Шмелев ответил после третьего гудка, и его голос тоже звучал тихо. Видно, любимая с рыбьими глазами находилась рядом. Да и куда там деваться, в однушке?
— Ты не спишь? — спросила Юля.
— Откуда? — ответил Никита шепотом. — Сашка меня с материала выдернула, а его надо срочно сдавать! Боюсь, до утра просижу. А что случилось?
— Ну, во-первых, бабуля вспомнила фамилию жены Якова Литвяка. Шмулевич! Получается, икону в музей приносил его сын — Григорий Яковлевич. Усек?
— Усек, и что из того? Предлагаешь расследовать убийство Шмулевича? Нет, довольно с меня стариков! И так голова кругом идет!
— Голова у тебя кругом идет, похоже, по другому случаю, — не преминула съязвить Юля. — Но посуди! Он принес, как утверждал, чудотворную икону с ликом Михаила архангела. А бабушка, заметь, вспомнила, что видела эту икону у Литвяка. Но ее должны были конфисковать, как и прочие ценности. Значит, не конфисковали? Припрятали? А кто? Литвяк перед смертью? Яков был в то время в Москве. Тогда где и у кого хранилась эта икона? Ну, нельзя же предполагать наличие двух чудотворных икон с ликом архангела в одном семействе. Это как-то слишком.

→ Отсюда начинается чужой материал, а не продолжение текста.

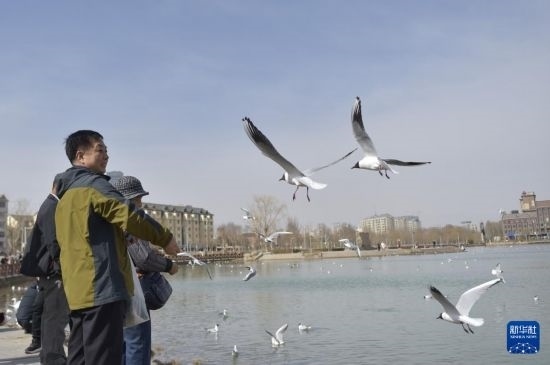 春日里,不少紅嘴鷗飛經(jīng)寧夏銀川,在湖泊濕地休整覓食,吸引市民前來(lái)觀賞投喂。
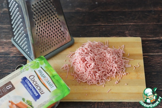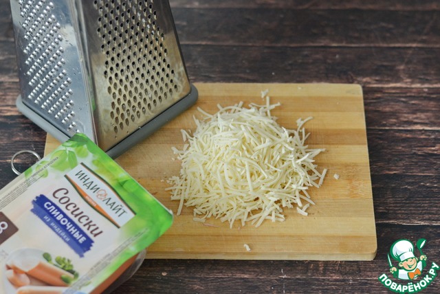 Натрите на мелкой тёрке сосиски.
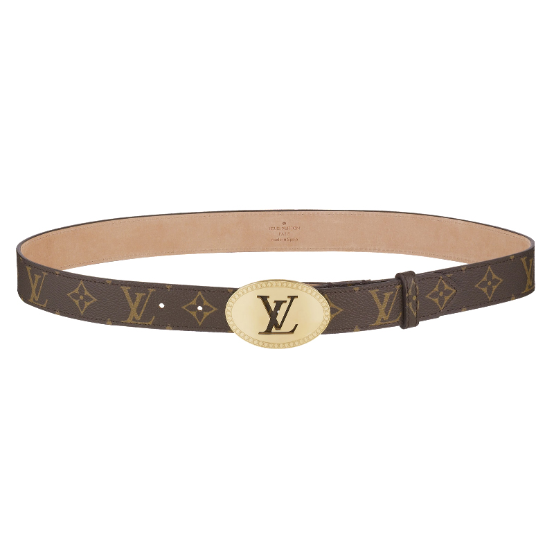 This casual chic belt in iconic Monogram canvas is accessorized with a feminine oval buckle cut with the LV logo and engraved with a motif inspired by the lozine edging of Louis Vuitton trunks.
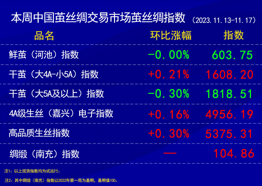 鮮繭指數(shù)上,全國(guó)蠶繭上市進(jìn)入尾期,在多數(shù)協(xié)作單位多停止收購(gòu)鮮繭下,本周所報(bào)筆數(shù)減少,整體鮮繭指數(shù)環(huán)比收平,價(jià)格波動(dòng)不大。

— Ох, и великое открытие ты сделала! — зевнул в трубку Никита. — Нам-то что от этого?
— Пока не знаю, но чувствую, что-то здесь неладно. Главное, отчего она вылезла вдруг? Почему Шмулевич решил ее продать?
— Ой, не городи огород там, где не нужно, — недовольно отозвался Никита. — Я ведь все разузнал. Шмулевич преподавал в университете, но с девяностых держал антикварный салон. Только жена его сильно заболела, вот и намылился он в Израиль. Деньги на лечение нужны были немалые, поэтому он спешно все распродавал. А с иконой его просто не выпустили бы из России, если это подлинная старина. Там, Юлька, было разбойное нападение! Шмулевичи должны были ночевать у дочери и просто случайно оказались дома.
— А кому он продал икону, не выяснил?
— Нет, потому что не вижу никакой связи с убийством Ковалевского!
— Ну, если не считать, что Ковалевский знал об этой иконе, как и Коробков, наверное?
— Юлька, прекрати! — разозлился Никита. — Два старикана залезли в дом в поисках иконы, а когда не нашли, прикончили довольно молодого мужика и его супругу. А потом к ним явился архангел и отомстил. Не пори чушь! Все твои догадки притянуты за уши.
— Ты ночью тупеешь, Шмелев! — раздраженно сказала Юля. — Я тебе ничего не говорила. Иди спать, трудоголик!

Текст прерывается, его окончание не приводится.